Немецкий литературовед П. Г. Крон отмечает, что лирика А. Дросте развивалась, несмотря на страстное участие в жизни родного окружения, всё же несколько в стороне от актуальных общественных проблем. Так, исследователь утверждает: «das bewusste Aufspuren der Natur und landliche! Lebenswirklichkeit war zugleich ein Protest gegen voranschreiende Technik, gegen die alles «uberleimende» Zivilisation des Kapitalismus: damit nahm Droste eine der Romantik weltanschaulich verwandte, doch durch die realistische Umsetzung der Naturerlebnisse uber sie hinausweisende Haitunein» («то самое чувствование природы и деревенской жизненной действительности было одновременно протестом против «опутывающей» все цивилизации капитализма: тем самым Дросте занимала позицию, мировоззренчески родственную романтизму, однако выходила за рамки его, так как реалистически преображала впечатления природы»).

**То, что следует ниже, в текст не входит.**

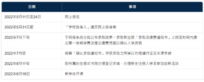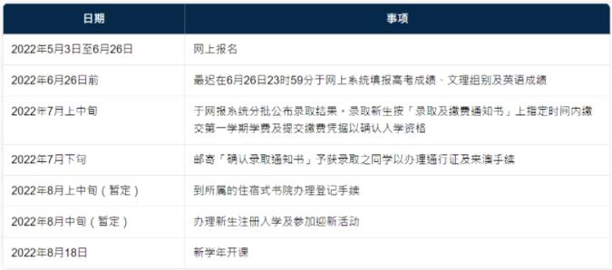 学校将根据申请人2022年高考之成绩(达到所属省市本科第一批录取分数线以上)、英语成绩、志愿次序及各课程之收生名额,择优录取。

В сборнике «Droste-Hulshoffs Werke» (Мюнхен, 1973) немецкий литературовед Хорст Эрих Вольтер предлагает подробный анализ лирики и выделяет несколько ведущих тем творчества А. Дросте. По мнению исследователя, выросшая в католической семье немецкая поэтесса уже в юные годы осознаёт крах своих убеждений, ощущает всю трудность верующего человека сочетать духовное и мирское. Учёный отмечает, что духовный кризис Дросте заключается в том, что она, чувствуя себя переполненной грехом, не может прийти к покаянию, в результате чего поэтесса почти теряет веру и душевный покой: «Als Resultat ihrer geistigen Krise zeigt sich, dass sie den wahren christlichen Glauben, der die Welt uberwunden hat, nicht mehr besitzt. Das fuhrte jedoch nicht zum Abfall von der Religion, hatte es doch bedeutet, sich von ihrer bisherigen Welt, von ihrer Klasse zu losen. Sie war im Gegenteil erfullt von Sunden- und Schuldbewusstsein, aber immerhin brachte sie den Mut auf, sich dem Zweifel, dem Drangen des Verstandes zu stellen auch wenn ihr des Wissens Frucht eitel» und gefahrlich erschien». («Результатом её духовного кризиса является то, что ею больше не владела истинная христианская вера, способная победить мир. Но это всё же не привело к отходу от религии, так как означало бы полное отмежевание от её прежнего мира, от её класса. Она была напротив наполнена сознанием греха и вины, но всё-таки собралась с мужеством противостоять сомнению, натиску рассудка, несмотря на кажущийся ей «тщеславным» и опасным результат знания»). Исследователь считает, что эта внутренняя проблема, которую пытается решить немецкая поэтесса, пронизывает большинство произведений Дросте, в частности сборник религиозных стихотворений «Das Geistliche Jahr».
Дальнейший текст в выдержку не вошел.